Chitral’s annual river flows will respond differently from Nowshera. The annual river flows will decrease to 308 m3.s−1 from 385 m3.s−1 at this station. This drop can be attributed to the glacier retreat because this subbasin hosts the largest mass of glaciers in the entire Kabul River basin. Similarly, the Chitral’s glacier flows will drop from 201 m3.s−1 to 86 m3.s−1. The rainfall and snow hydrographs will follow the trends of their corresponding runoff components at Nowshera (Table 3).
At Nowshera, both increasing and decreasing trends in the annual river flows have been reported by [10,33].
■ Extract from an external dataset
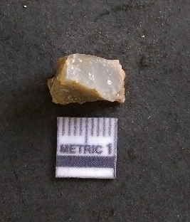 | Description / विवरण | It is a chalcedony flake, with a bulb of percussion on the ventral side. Cortex on one end. |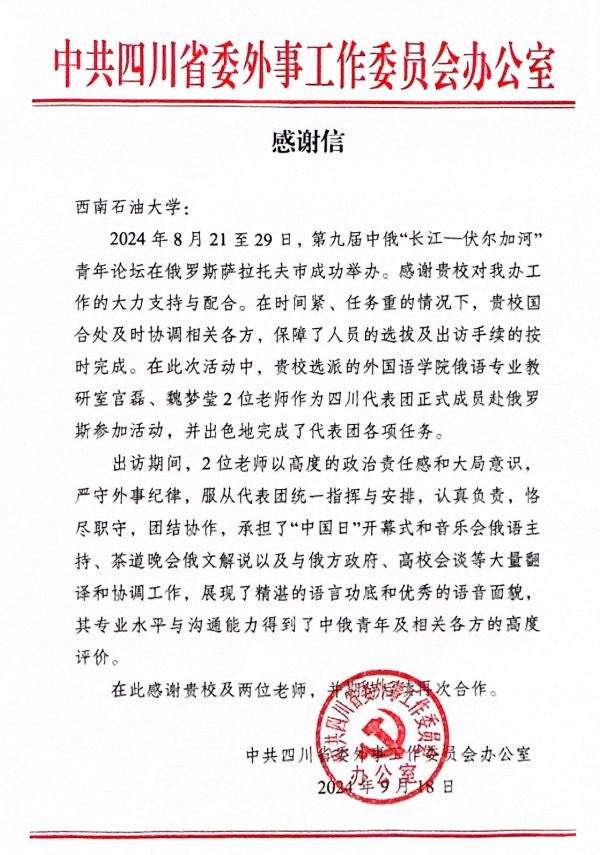 感謝信說,感謝貴校對我辦工作的大力支持與配合。在時間緊、任務重的情況下,貴校國合處及時協調相關各方,保障了人員的選拔及出訪手續的按時完成。在此次活動中,貴校選派的外國語學院俄語專業教研室宮磊、魏夢瑩2位老師作為四川代表團正式成員赴俄羅斯參加活動,并出色地完成了代表團各項任務。

3.5. Change in Flood Hazards

The increase in precipitation in the future will translate into higher flood intensities (Figure S3). To evaluate the change in the inundation extent, the maximum, 90th, 50th, and 10th percentiles of flood extents for the present and future are compared in Figure 6. The bottom panel of the figure shows the differences between the future and present according to the corresponding percentiles. All four experiments have projected mixed trends of increase and decrease in the future. For example, the maximum percentile has shown an increase in the depth (up to 0.1 m) across the basin except MRI-AGCM c0, which has shown a decrease in the depth by 0.05 m. The 50th and 90th percentiles have projected a decrease in the inundation depth in Chitral across the four scenarios while projecting an increase in the western region and floodplains upstream of Nowshera up to 0.25 m. Unlike the 50th and 90th percentiles, the 10th percentile inundation shows an increase in the depth of floods in the Chitral. This increase in the Chitral is more variable in magnitude, i.e., 0.05 m to 0.25 m. It can be implied from the patterns that the mountainous northern zones, i.e., Chitral, will experience high-frequency but low-intensity floods, whereas the southern zones will face low-frequency but high-intensity flood events in the future. The increase in flood magnitude up to 18–40% and occurrences of river flows above 5000 m3.s−1 will be more frequent in the Kabul River basin [33].
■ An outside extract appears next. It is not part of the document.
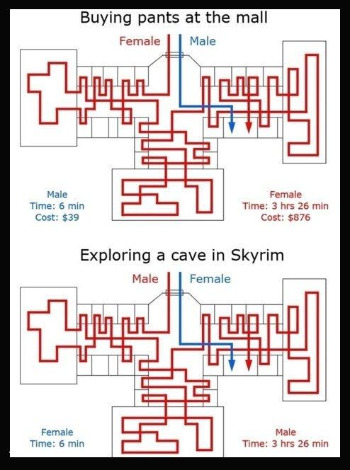 위의 그림은 여성과 남성의 미션을 수행하기 위한 동선의 차이를 나타내는데, 꼭 성별의 문제가 아니라 목적의 차이라고 생각한다. 미션이 주어지면 유저는 목적과 갈 곳이 분명해진다. 나는 가급적 모든 방과 통로를 가기 위해 노력한다. 내가 좋아하는 MAP UI는 갔던 길과 안 갔던 길의 차이가 나타나는 UI이다. 나는 원큐 플레이를 선호하므로, 미션을 클리어하기 전 모든 방을 뱅글뱅글 돈다. 규칙 없이 그때 그때 가면서 돌면 자칫 헤매기 쉬우므로,나는 미로를 탐험할때의 규칙을 정해두었다. 위저드리 스타일의 던전형 미로를 돌 때는 나는 무조건 오른쪽 길로 간다. 막힌 길이라면 뒤돌아 그 전 통로에서 좌회전한다. 그리고 이 과정을 반복한다. 내가 싫어하는 경우는 본의 아니게 골에 먼저 도착했을 때, 이벤트 후 그 던전을 다시 진입할 수 없는 경우이다. 아.. 아까 마지막 방 못 갔는데.. 뭔가 있었을 거야 ㅠㅠ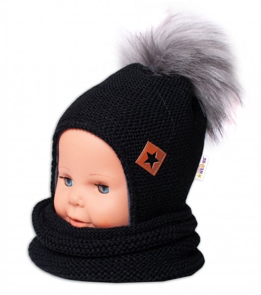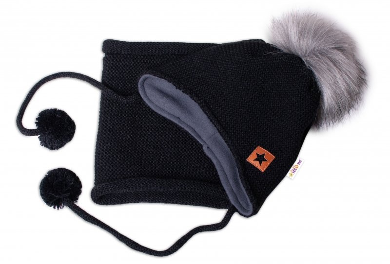 BABY NELLYS Zimní čepice s fleecem a chlupáčková bambule Star + komínek

This study also highlights a significant shift in the occurrences of the flood peaks, i.e., the probability of occurrence of inundation will be higher in May than in July–August because of higher runoff generation in spring. A similar trend is reported by [5], where the return period of the 50-year period will reduce to 3 to 24 years in the mid and late century. Furthermore, [6] also reported an increase in the frequency of flood events in the region.
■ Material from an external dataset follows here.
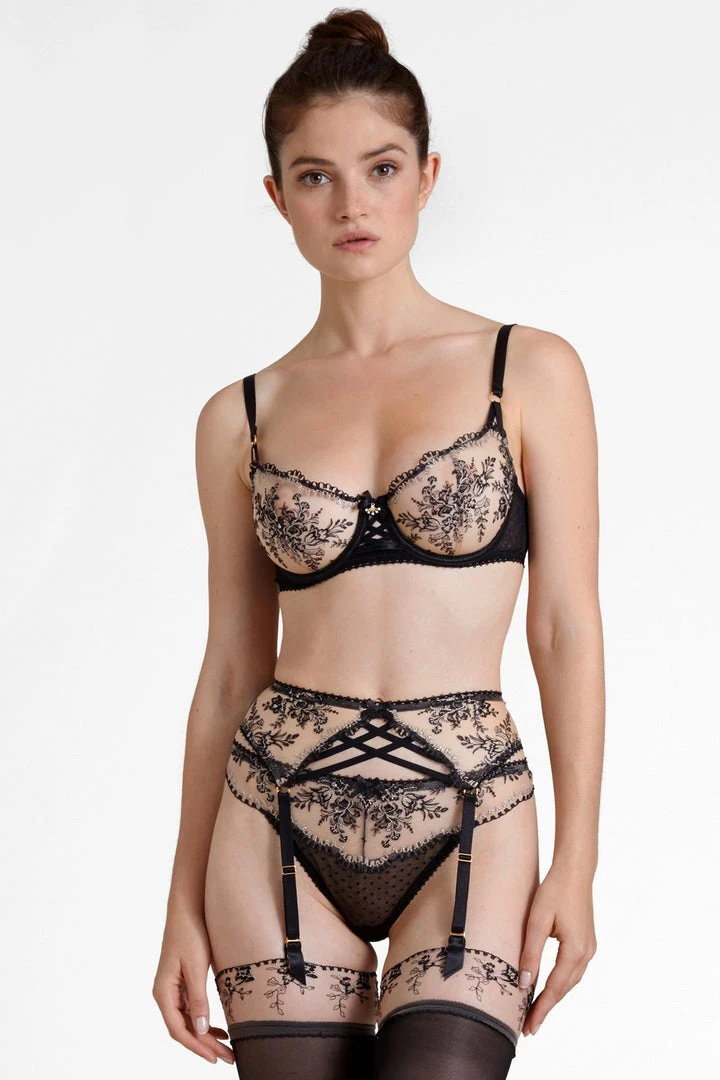 The stunning Underwired Half-Cup bra from the Tresor Infini collection features luxurious floral embroidery, enhanced with graphic scalloping and finished with a delicate, glittering lurex thread. Extraordinarily refined, it enhances the bust with barely-there tulle for a sensual look. Pair with the matching Tresor Infini Tanga and Suspender for a stunning, Parisian chic look.

Due to the abundant river flows, steep slopes, and large population, the Kabul River basin has always been an ideal spot for hydropower plants. Several reservoirs and run-of-river (RoR) power stations are already located in the basin [15,34]. In this study, two stations are selected for the evaluation of hydropower potential. The sites (Ayun and Kedam) are up and downstream of the Chitral sub-basin (Figure 2). Ayun has an estimated discharge of 20 m3.s−1 and a head of 187 m, while Kedam has an average discharge of 3 m3.s−1 and a head of 580 m [34]. An assumption is made that the sites are RoR because of the low discharges and heads. For the quantification of the hydropower, the following equation is used:
P = γ · Q · H
where P is the power (watts), γ is the specific weight of the water (9.81 kN/m3), Q is the discharge (m3.s−1), and H is the head (m) [35]. Figure 7 shows the daily duration curves at both sites; the low flows at the sites will remain above the present values, which indicates that hydropower potential will be higher in seasons of low flows, i.e., winter. At Ayun, the hydropower will increase to 88 × 106 watts from 86 × 106 watts, while in February–May, it will change by +25% and in June–September by −53%. At Kedam, the power will increase to 16 × 106 from 12 × 106, while changes will be +46% and −60% in the spring and summer, respectively. [15] projected that hydropower in the basin will increase by 1.4% to 1.7% in the mid- to late century. However, because of uncertain precipitation trends, significant variations in the projections have also been reported.

4. Conclusions

The Kabul River basin is a lifeline for millions of people in Pakistan and Afghanistan. The runoff generated by the rain, snow, and glacier melt has provided vital services to the ecology and for the survivability of humans. Due to the remoteness of the region and conflicts, enough information on water availability and disaster risks is not available. Some efforts have been made in the recent past to understand hydro-climatology and flood risks. This study explains the vital hydrologic characteristics along with the flood hazards and hydropower potential in more detail.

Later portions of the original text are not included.